Integrate single-cell RNA-seq data using various integration methods.
Usage
integration_scop(
srt_merge = NULL,
batch,
append = TRUE,
srt_list = NULL,
assay = NULL,
integration_method = "Uncorrected",
do_normalization = NULL,
normalization_method = "LogNormalize",
do_HVF_finding = TRUE,
HVF_source = "separate",
HVF_method = "vst",
nHVF = 2000,
HVF_min_intersection = 1,
HVF = NULL,
do_scaling = TRUE,
vars_to_regress = NULL,
regression_model = "linear",
scale_within_batch = FALSE,
linear_reduction = "pca",
linear_reduction_dims = 50,
linear_reduction_dims_use = NULL,
linear_reduction_params = list(),
force_linear_reduction = FALSE,
nonlinear_reduction = "umap",
nonlinear_reduction_dims = c(2, 3),
nonlinear_reduction_params = list(),
force_nonlinear_reduction = TRUE,
neighbor_metric = "euclidean",
neighbor_k = 20L,
cluster_algorithm = "louvain",
cluster_resolution = 0.6,
seed = 11,
...
)Arguments
- srt_merge
A merged Seurat object that includes the batch information.
- batch
A character string specifying the batch variable name.
- append
The integrated data will be appended to the original Seurat object (srt_merge). Default is
TRUE.- srt_list
A list of Seurat objects to be checked and preprocessed.
- assay
The name of the assay to be used for downstream analysis.
- integration_method
A character string specifying the integration method to use. Supported methods are:
"Uncorrected","Seurat","scVI","MNN","fastMNN","Harmony","Scanorama","BBKNN","CSS","LIGER","Conos","ComBat". Default is"Uncorrected".- do_normalization
A logical value indicating whether data normalization should be performed.
- normalization_method
The normalization method to be used. Possible values are "LogNormalize", "SCT", and "TFIDF". Default is "LogNormalize".
- do_HVF_finding
A logical value indicating whether highly variable feature (HVF) finding should be performed. Default is TRUE.
- HVF_source
The source of highly variable features. Possible values are "global" and "separate". Default is "separate".
- HVF_method
The method for selecting highly variable features. Default is "vst".
- nHVF
The number of highly variable features to select. Default is 2000.
- HVF_min_intersection
The feature needs to be present in batches for a minimum number of times in order to be considered as highly variable. The default value is 1.
- HVF
A vector of highly variable features. Default is NULL.
- do_scaling
A logical value indicating whether to perform scaling. If TRUE, the function will force to scale the data using the ScaleData function.
- vars_to_regress
A vector of variable names to include as additional regression variables. Default is NULL.
- regression_model
The regression model to use for scaling. Options are "linear", "poisson", or "negativebinomial" (default is "linear").
- scale_within_batch
Whether to scale data within each batch. Only valid when the
integration_methodis one of"Uncorrected","Seurat","MNN","Harmony","BBKNN","CSS","ComBat".- linear_reduction
The linear dimensionality reduction method to use. Options are "pca", "svd", "ica", "nmf", "mds", or "glmpca" (default is "pca").
- linear_reduction_dims
The number of dimensions to keep after linear dimensionality reduction (default is 50).

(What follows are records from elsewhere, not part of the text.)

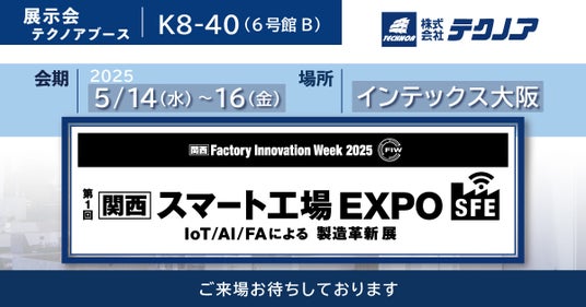株式会社テクノア(本社:岐阜県岐阜市、代表取締役:山崎 耕治)は、5/14~16 にインテックス大阪で開催される「[関西] Factory Innovation Week 2025 」に出展いたします。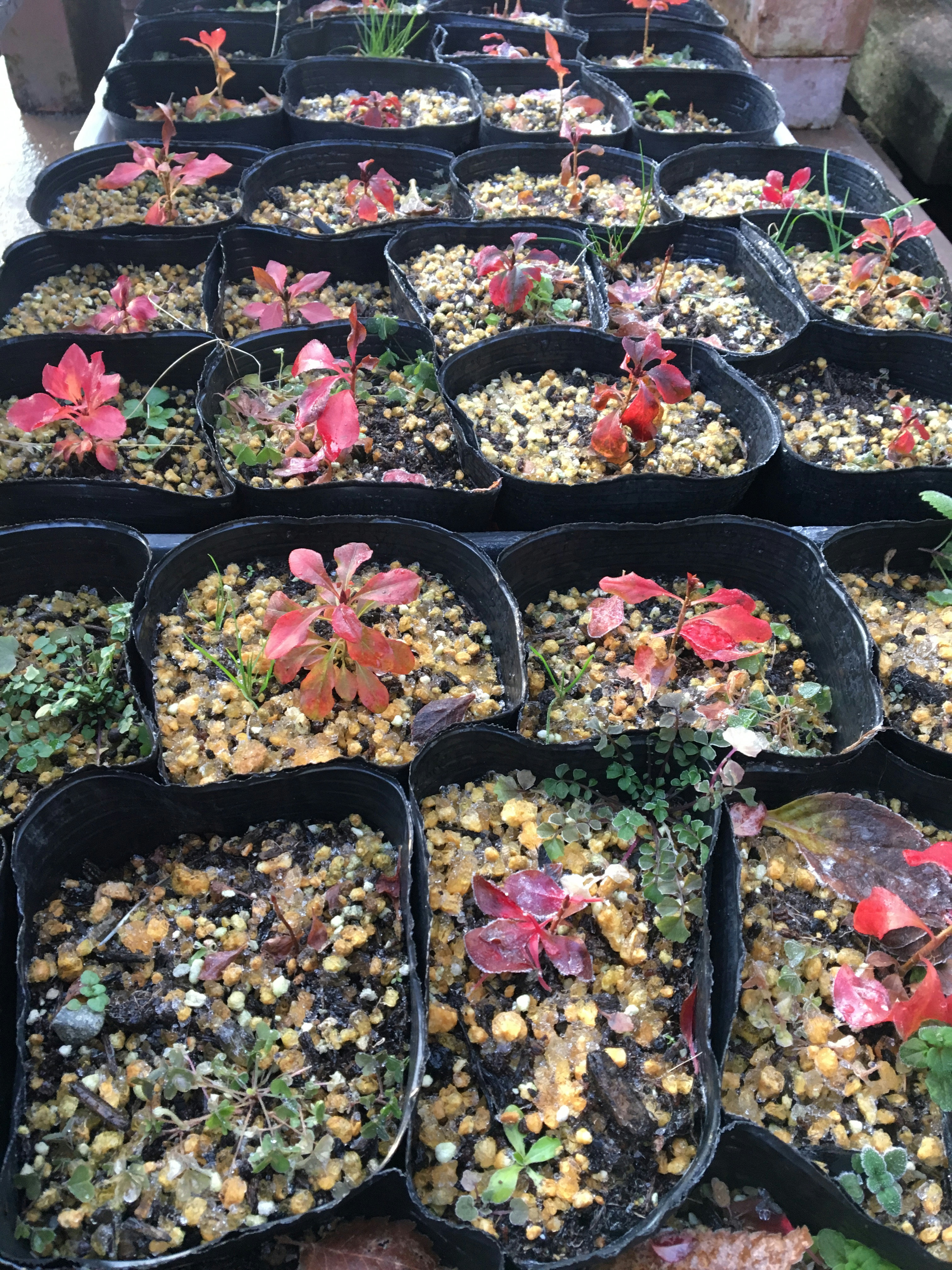 冬になりました。 2017.12.09 夏にドウダンツツジの生垣を除草した時に小さな新芽を見つけてポットに植え替えました。 まだまだ小さいけれど紅葉していました。 この後無事に冬を越して春に緑の葉が出てくるのがたのしみです。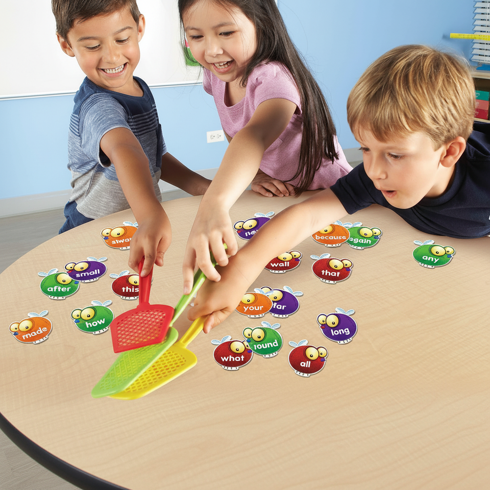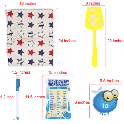 The game includes 112 double-sided sight word cards, 3 vocabulary cards, 4 sturdy swatters, and a storage bag for easy transport.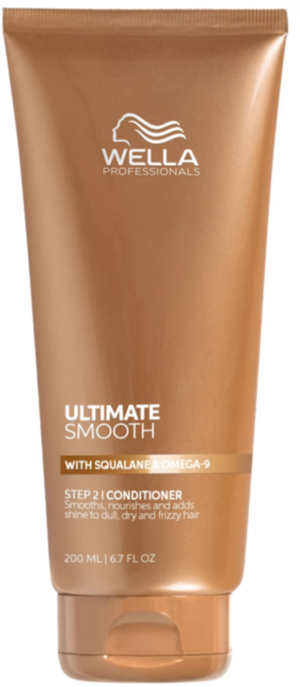 Балсамът Ultimate Smooth на Wella Professionals е вашият ежедневен партньор за непокорна, суха и изтощена коса. Само за 30 секунди леката като перце текстура интензивно подхранва дължините, без да ги утежнява, и ви осигурява до 72 часа дълготрайна еластичност. Благодарение на патентованата технология със сквалан и омега-9 косата ви е подсилена отвътре навън, а отвън е създадена защитна бариера срещу накъсване. Балсамът моментално изглажда повърхността на косъма и превръща чупливите текстури в плавна, блестяща грива, която се разресва без усилие. Насладете се на луксозния завършек и успокоената текстура на косата, които усъвършенстват външния ви вид всеки ден и оставят косата ви неустоимо мека.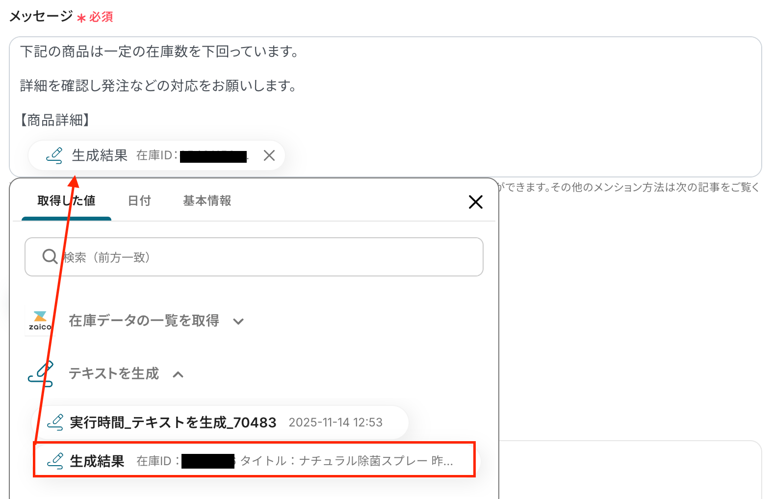 - 通知メッセージの本文は、固定のテキストを設定するだけでなく、前段のzaicoオペレーションで取得した在庫データ(商品名や在庫数など)を変数として動的に埋め込むこともできます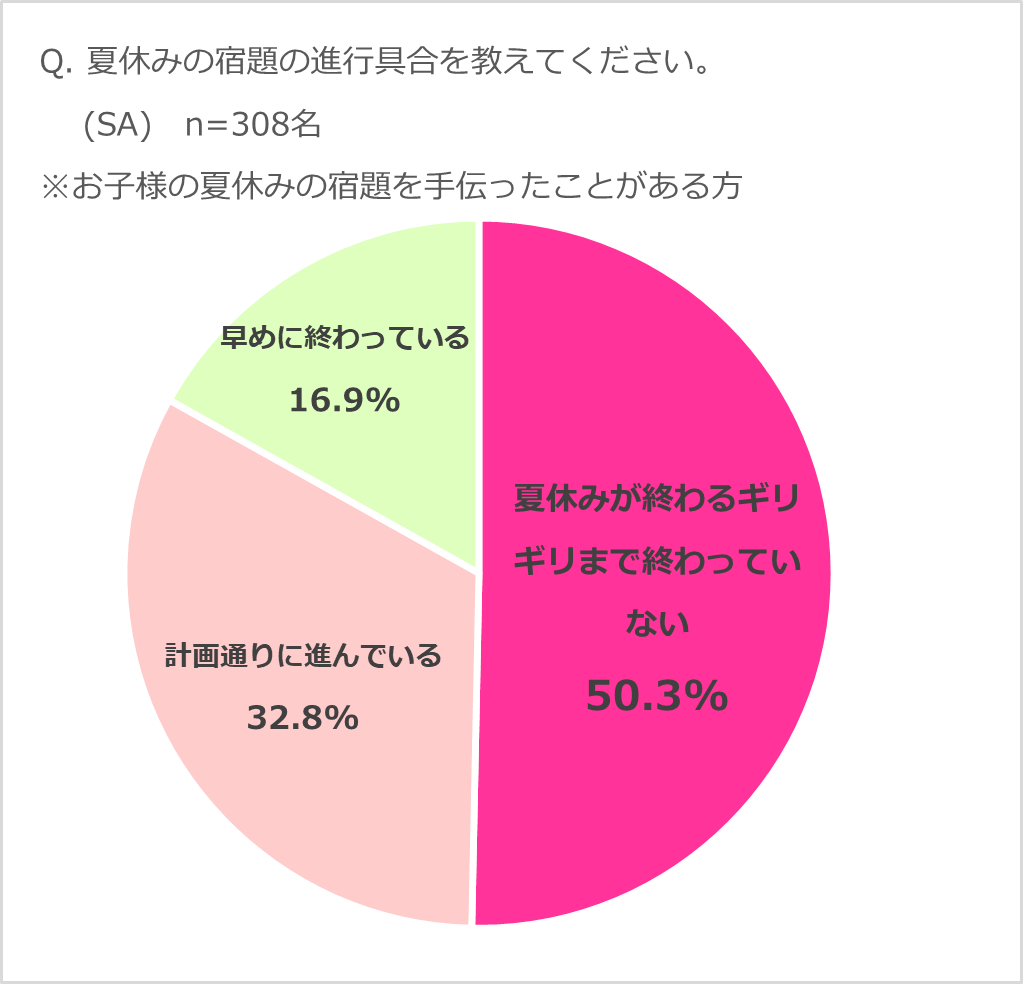 夏休みの宿題は「夏休み期間ギリギリまで終わっていない」という回答が半数。 宿題の追い込みは毎年8月後半にしている家庭が9割以上に!

- linear_reduction_dims_use
The dimensions to use for downstream analysis. If NULL, all dimensions will be used.
- linear_reduction_params
A list of parameters to pass to the linear dimensionality reduction method.
- force_linear_reduction
A logical value indicating whether to force linear dimensionality reduction even if the specified reduction is already present in the Seurat object.
- nonlinear_reduction
The nonlinear dimensionality reduction method to use. Options are "umap","umap-naive", "tsne", "dm", "phate", "pacmap", "trimap", "largevis", or "fr" (default is "umap").
- nonlinear_reduction_dims
The number of dimensions to keep after nonlinear dimensionality reduction. If a vector is provided, different numbers of dimensions can be specified for each method (default is c(2, 3)).
- nonlinear_reduction_params
A list of parameters to pass to the nonlinear dimensionality reduction method.
- force_nonlinear_reduction
A logical value indicating whether to force nonlinear dimensionality reduction even if the specified reduction is already present in the Seurat object.
- neighbor_metric
The distance metric to use for finding neighbors. Options are "euclidean", "cosine", "manhattan", or "hamming" (default is "euclidean").
- neighbor_k
The number of nearest neighbors to use for finding neighbors (default is 20).
- cluster_algorithm
The clustering algorithm to use. Options are "louvain", "slm", or "leiden" (default is "louvain").
- cluster_resolution
The resolution parameter to use for clustering. Larger values result in fewer clusters (default is 0.6).
- seed
An integer specifying the random seed for reproducibility. Default is 11.
- ...
Additional arguments to be passed to the integration method function.
Examples
data(panc8_sub)
panc8_sub <- integration_scop(
panc8_sub,
batch = "tech",
integration_method = "Uncorrected"
)
#> ℹ [2025-08-06 11:39:48] Run Uncorrected_integrate...
#> ℹ [2025-08-06 11:39:48] Spliting `srt_merge` into `srt_list` by column tech...
#> ℹ [2025-08-06 11:39:49] Checking srt_list...
#> ℹ [2025-08-06 11:39:50] Data is log-normalized
#> ℹ [2025-08-06 11:39:50] Data 1/5 of the srt_list has been log-normalized.
#> ℹ [2025-08-06 11:39:50] Perform FindVariableFeatures on the data 1/5 of the srt_list...
#> ℹ [2025-08-06 11:39:50] Data is log-normalized
#> ℹ [2025-08-06 11:39:50] Data 2/5 of the srt_list has been log-normalized.
#> ℹ [2025-08-06 11:39:50] Perform FindVariableFeatures on the data 2/5 of the srt_list...
#> ℹ [2025-08-06 11:39:50] Data is log-normalized
#> ℹ [2025-08-06 11:39:50] Data 3/5 of the srt_list has been log-normalized.
#> ℹ [2025-08-06 11:39:50] Perform FindVariableFeatures on the data 3/5 of the srt_list...
#> ℹ [2025-08-06 11:39:51] Data is log-normalized
#> ℹ [2025-08-06 11:39:51] Data 4/5 of the srt_list has been log-normalized.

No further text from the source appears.